OMG This is What Happened When an Anti-Fat Tax Was Introduced as a Test

Joseph J. Thorndike writes at Tax Analysts:
I’m no fan of anti-obesity taxes, whether they target soda, candy bars, or any other junk food. They are regressive and arbitrary, not to mention paternalistic and condescending. Supporters have all sorts of genuine good intentions. But ultimately, these taxes are simply an unfair money grab dressed up as a public health initiative.

Now we have some evidence that they may be ineffective, too. Four experts at Cornell University have shown that taxes on calorie-dense foods might fail to achieve their key goals, including a reduction in calorie intake and improvements in diet quality. (They might still, however, manage to raise some cash.)

In an effort to assess whether anti-fat taxes can actually do their job, the authors conducted a controlled field experiment in three grocery stories, introducing a 10 percent tax on sugar-sweetened beverages. If you’re interested in the details, by all means take a look. Ultimately, however, their observations were not encouraging for fans of anti-obesity taxes (at least as they are usually conceived).

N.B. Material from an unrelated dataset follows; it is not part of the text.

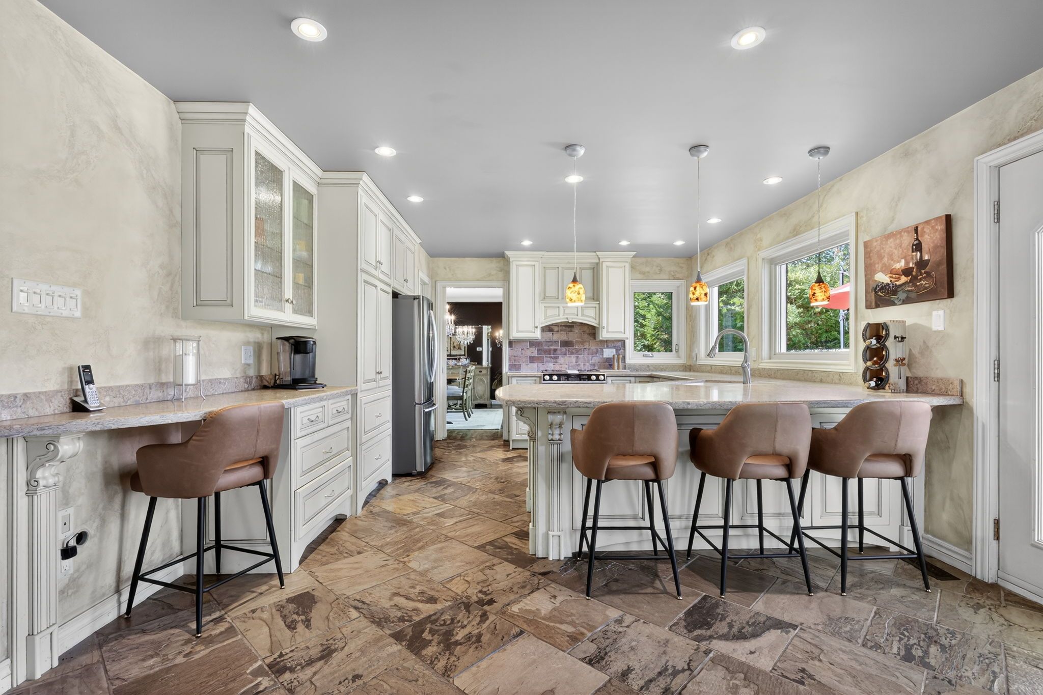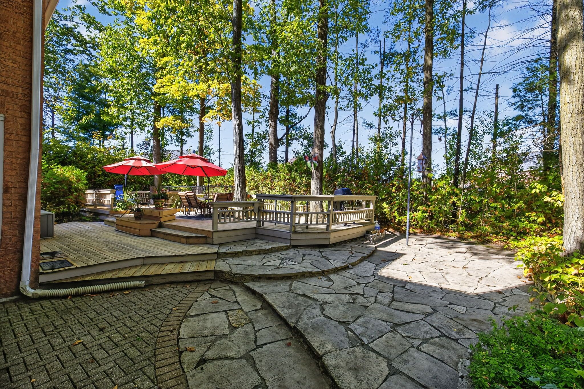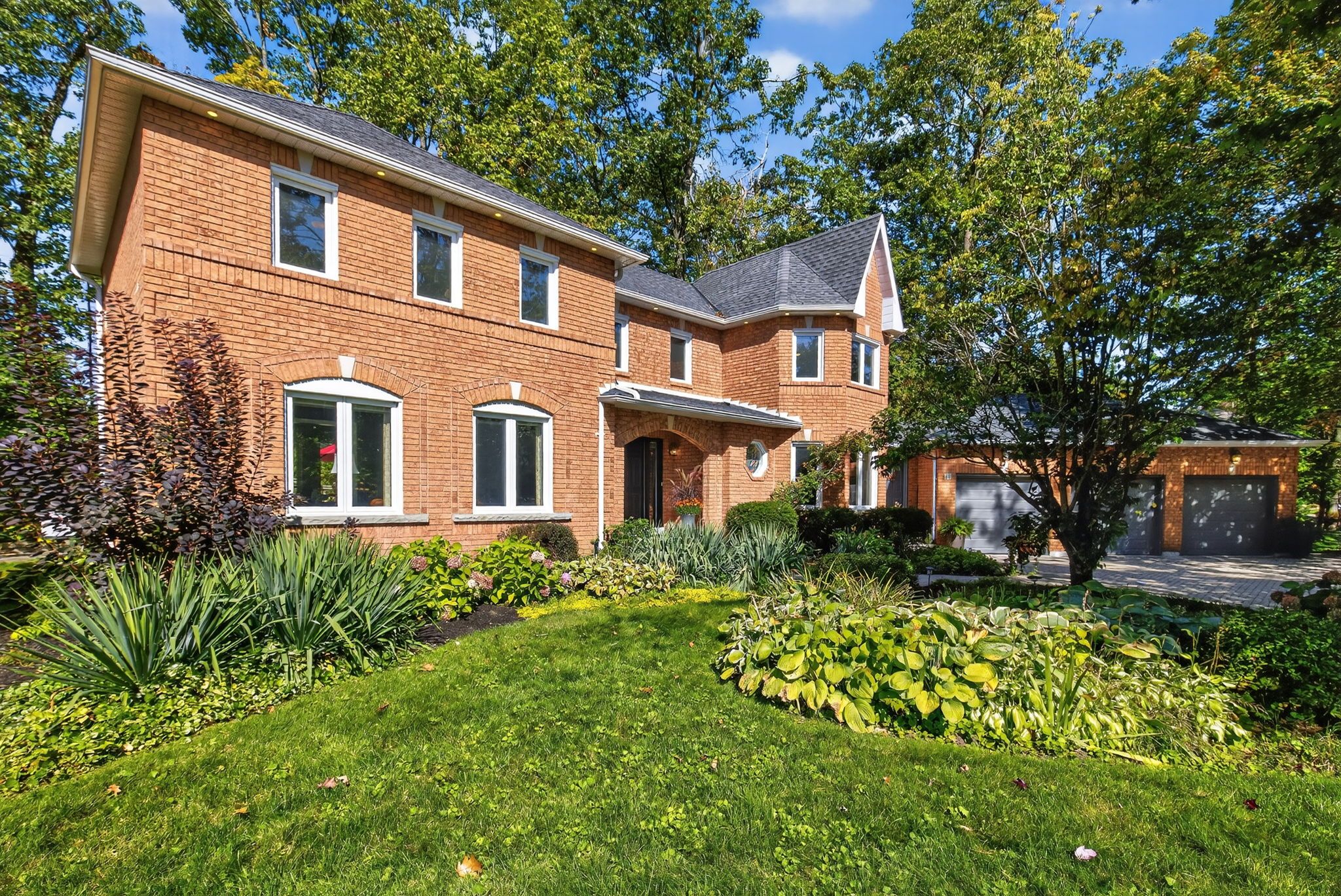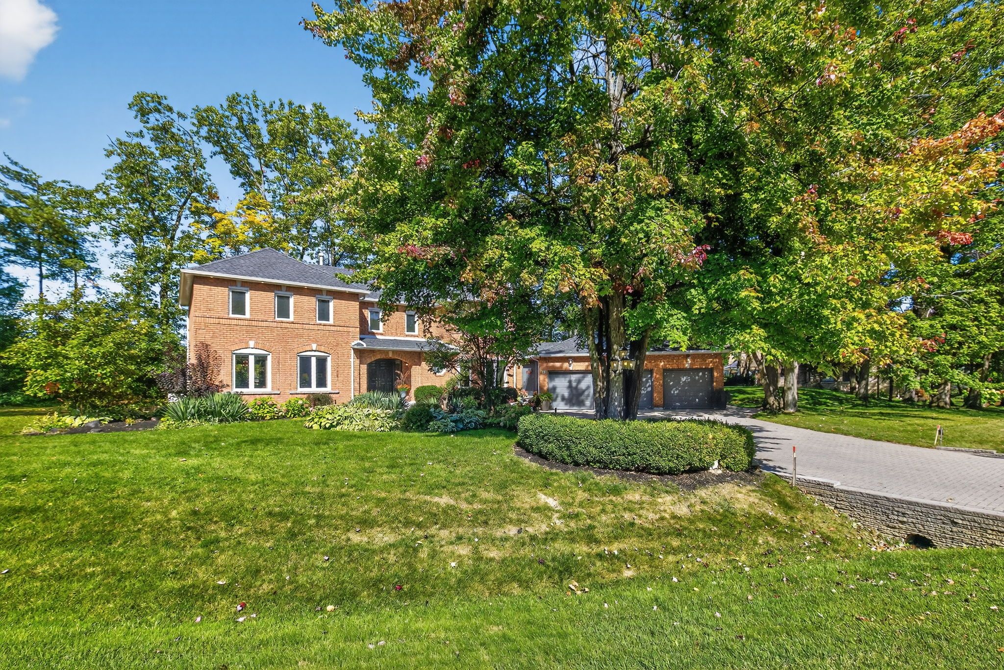 Beautiful stonegate estate home set on a premium 1/2 acre, mature treed lot on a quiet cul-de-sac in a sought after executive neighbourhood. Originally designed with four upper bedrooms, one has been thoughtfully transformed into a luxurious dressing room for the spacious primary suite, easily converted back if desired. The primary bedroom also features a generous ensuite with a stunning steam shower. The upper level offers two additional bedrooms with adjacent bathrooms. A bright, eat-in kitchen overlooks the inviting family room with fireplace and provides a walkout to a private flagstone patio and expansive deck, perfect for entertaining. The main floor also includes a dedicated office, laundry room, formal dining room, and a welcoming living room with gas fireplace. Offering 3,067 sq ft above grade and 4,058 sq ft of finished living space on all levels, the professionally finished basement includes a 600 bottle wine cooler, recreation and games areas, a studio or potential bedroom, workshop, storage, and a cedar closet. Quality finishes throughout include hardwood, slate, quartz, pot lights, crown mouldings, built-ins, and wainscoting, all part of a thoughtfully renovated layout. Exterior highlights include a unistone triple driveway, triple car garage, soffit lighting, and inground sprinklers. Updates include eavestroughs with leaf guards, quartz counters and sink, dryer, microwave, windows, garage doors, and main deck boards. Set on a wide, beautiful lot offering privacy and separation from neighbours, great curb appeal, shows well.

Two problems emerged in the study. First, while the tax did curb purchases of calorie-dense drinks initially, consumers eventually went back to their old habits; the authors found no significant reduction in soft drink purchases at the three-month or six-month mark. Second, the authors found that some people who scaled back their sugary soda actually ramped up their beer drinking.

“Taxes on less healthy foods may not succeed in reducing soft drink consumption or in reducing calorie consumption,” the authors concluded. “Of greater concern is that such a tax may encourage an increased consumption of alcohol among some households.”